- Born: Netherlands
- Education: Delft University of Technology
- Known for: Methods development for NMR, such as RDCs (Residual dipolar coupling)
- Awards: Bijvoet Medal of the Bijvoet Center for Biomolecular Research (1993) E. Bright Wilson Award (2000) National Academy of Sciences (2002) American Academy of Arts and Sciences (2002) Welch Award in Chemistry (2018) NAS Award for Scientific Reviewing (2018) Foreign Member of the Royal Society (2024)
- Scientific career
- Fields: Nuclear magnetic resonance, biophysics
- Institutions: NIDDK, National Institutes of Health
- Thesis: Two-Dimensional Nuclear Magnetic Resonance in Liquids (1981)
- Doctoral advisor: Ray Freeman and Toon Mehlkopf
- Notable students: Michael F. Summers
- Website: spin.niddk.nih.gov/bax

= Ad Bax =

Dutch biophysicist (born 1956)

Adriaan "Ad" Bax (born 1956) is a Dutch-American molecular biophysicist who is a Distinguished Investigator at the National Institutes of Health. He is the Chief of the Section on Biophysical NMR Spectroscopy in the Laboratory of Chemical Physics at the National Institute of Diabetes and Digestive and Kidney Diseases. He is known for his work on the methodology of biomolecular NMR spectroscopy. He is a corresponding member of the Royal Netherlands Academy of Arts and Sciences, a Member of the National Academy of Sciences, a Fellow of the American Academy of Arts and Sciences, and a Foreign Member of the Royal Society.

==Biography==
Bax was born in the Netherlands. He studied at Delft University of Technology where he got his engineer's degree (Ir. degree) in 1978 and his Ph.D. degree in Applied Physics in 1981, after spending considerable time working with Ray Freeman at Oxford University. He continued as a postdoc with Gary Maciel in the National Solid-State facility at Colorado State University, before joining the NIH's Laboratory of Chemical Physics in 1983. In 1994 he became Correspondent of the Royal Netherlands Academy of Arts and Sciences. In 2002 he was elected a Member of the National Academy of Sciences in the section on Biophysics and computational biology and a Fellow of the American Academy of Arts and Sciences. Bax was awarded the 2018 NAS Award for Scientific Reviewing in structural biology and the 2018 Welch Award in Chemistry. He was elected a Foreign Member of the Royal Society in 2024.

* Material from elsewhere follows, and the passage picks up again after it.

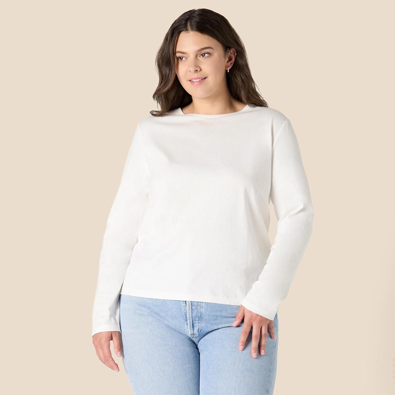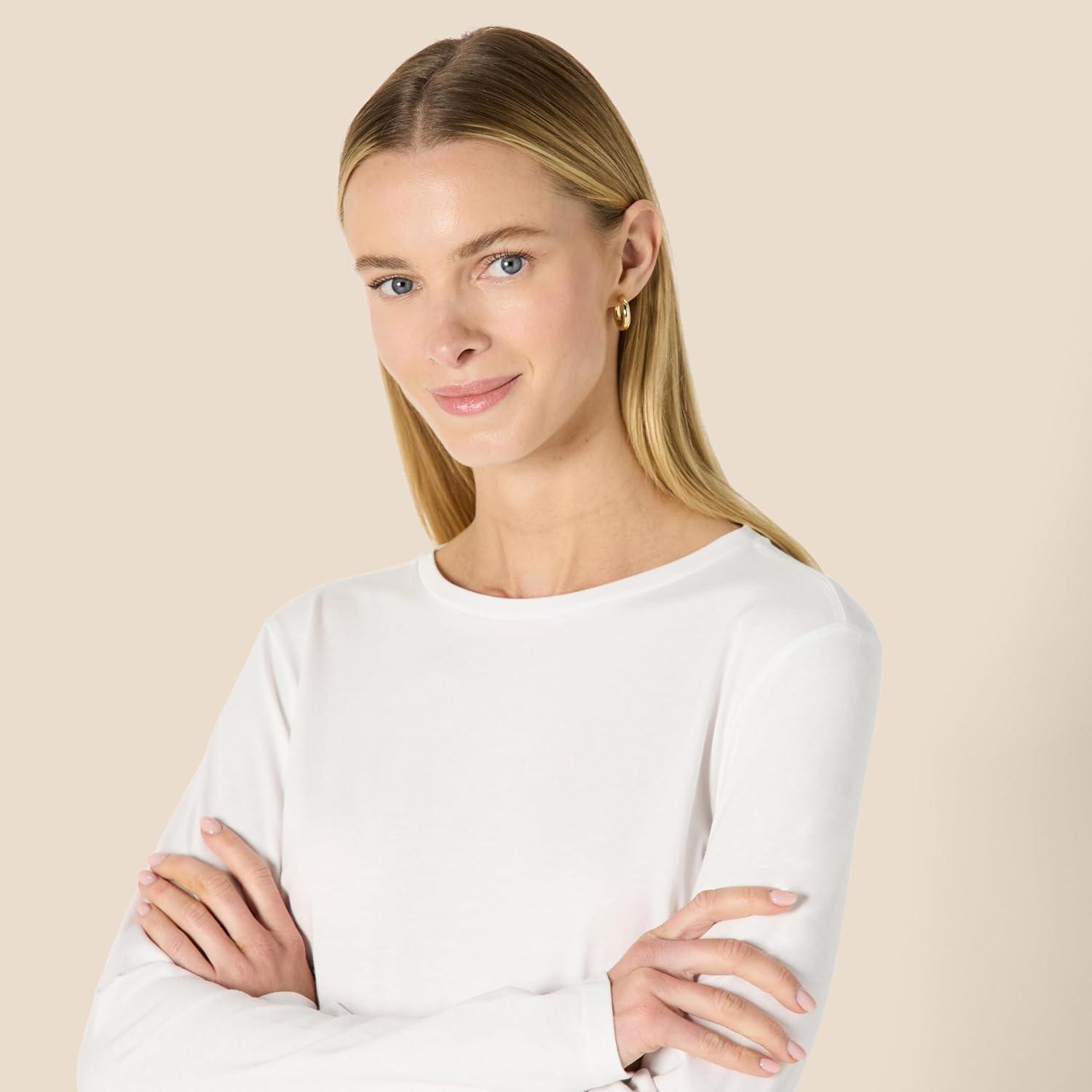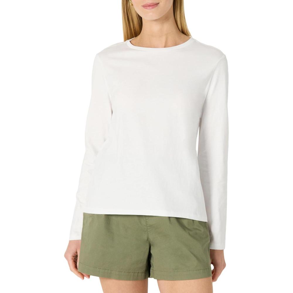 Amazon Essentials Women’s 100% Cotton Regular-Fit Long-Sleeve Crewneck T-Shirt(White)

==Work in NMR spectroscopy==

Bax works in the field of biomolecular NMR spectroscopy and has been a leader in the development of what have become today's standard methods in the field. He collaborated extensively with fellow NIH scientists Marius Clore, Angela Gronenborn and Dennis Torchia in the development of multidimensional protein NMR. Bax pioneered the development of triple resonance experiments and technology for resonance assignment of isotopically enriched proteins. Together with Torchia and Lewis E. Kay, he developed the now widely adopted methods for studying atomic motions in proteins. Bax also pioneered the use of residual dipolar couplings and chemical shifts for determining DNA and protein structures.
Much of his recent work focuses on the use of rapid jumps in pressure inside the NMR sample cell to study mechanisms of protein folding and misfolding, the latter of potential importance to amyloid diseases. He was the world's most cited chemist over two decades (1981-1997).

== Work on human-generated aerosols ==
Using laser light scattering, Bax proposed that speech-generated aerosols are likely a dominant SARS-CoV-2 transmission mode, demonstrating that speech aerosols remain airborne much longer than was widely believed hitherto. His group also developed novel technologies for capturing exhaled breath particles in a manner that enables quantitative chemical analysis of lung fluid by NMR and mass spectrometry.